Hammer films made the first Frankenstein and Dracula films in colour and this admirable version of Sir Arthur Conan Doyle's famous detective story was the first Sherlock Holmes movie filmed in colour. The film was intended to be the first in a series of Hammer-Sherlock Holmes pictures, but the lukewarm reception it got from cinema audiences at the time sadly meant that these plans were shelved. However, in the sixties, Cushing reprised his role in a popular BBC television series in which he remade THE HOUND OF THE BASKERVILLES although that version is nowhere near as good as this one and he also turned up as the Baker Street sleuth again in THE MASKS OF DEATH (1986), a TV movie made by Tyburn.
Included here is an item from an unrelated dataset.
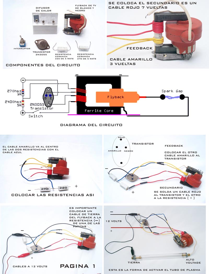 Se necesitan pocos componentes, yo lo armé con un flyback de TV blanco y negro de 12 pulgadas. Hoy día aunque ese tipo de televisores ya no se ve mucho algunas tiendas de electrónica tienen muchos de estos flybacks guardados desde hace mucho tiempo y seguro te venderán uno a bajo precio, hay que saber que mientras más grande sea el televisor mayor es el voltaje que genera el flyback por lo que 10.000 voltios se obtienen con un flyback de tv de 10 pulgadas, pero se puede usar uno de un TV más grande o más pèqueño.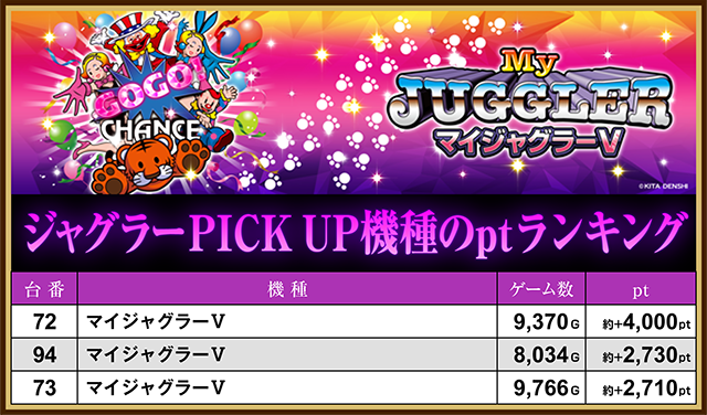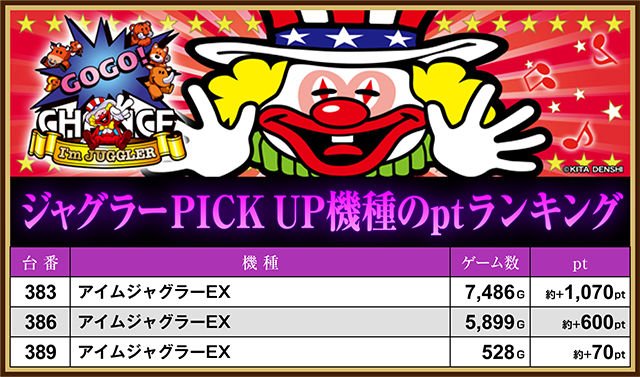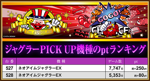 「アイムジャグラーEX」と「ゴーゴージャグラー3」も2台が約+1,800ptを上回った。

Meanwhile, Christopher Lee would later don the famous deerstalker in the 1962 production SHERLOCK HOLMES AND THE DEADLY NECKLACE. But despite a good cast and director Terence Fisher at the helm, the picture proved to be a completely wasted opportunity due to poor production values and the fact that Lee's voice was dubbed by another actor didn't help matters either.

THE HOUND OF THE BASKERVILLES is now rightly regarded as one of Hammer's greatest movies. Peter Cushing is exemplary as Holmes, portraying the character as incredibly intelligent, resourceful and at the same time very arrogant when he needs to be. Although when he is arrogant he usually has good reason to be. His performance not only makes him the definitive screen Holmes, but it is another addition to his impressive portfolio of fine performances up there with Dr Van Helsing in Dracula (1958) and his many incarnations as Baron Frankenstein. Andre Morell is also on top form as Dr Watson who wisely chooses not to play the part as a bumbling muddle head, which so many actors have made the mistake of doing in the past. Christopher Lee is also excellent as Sir Henry Baskerville and he makes the best of what appears to be an undemanding role. Terence Fisher's direction is outstanding as he invests the proceedings with a genuine sense of evil and menace that has never been equaled in any other Sherlock Holmes film before or since. Fisher is most ably assisted by cameraman Jack Asher and composer James Bernard who turns in a wonderfully haunting and occasionally romantic score. Today, this picture is considered by some to be the best ever Sherlock Holmes film and it is certainly a strong contender for that title.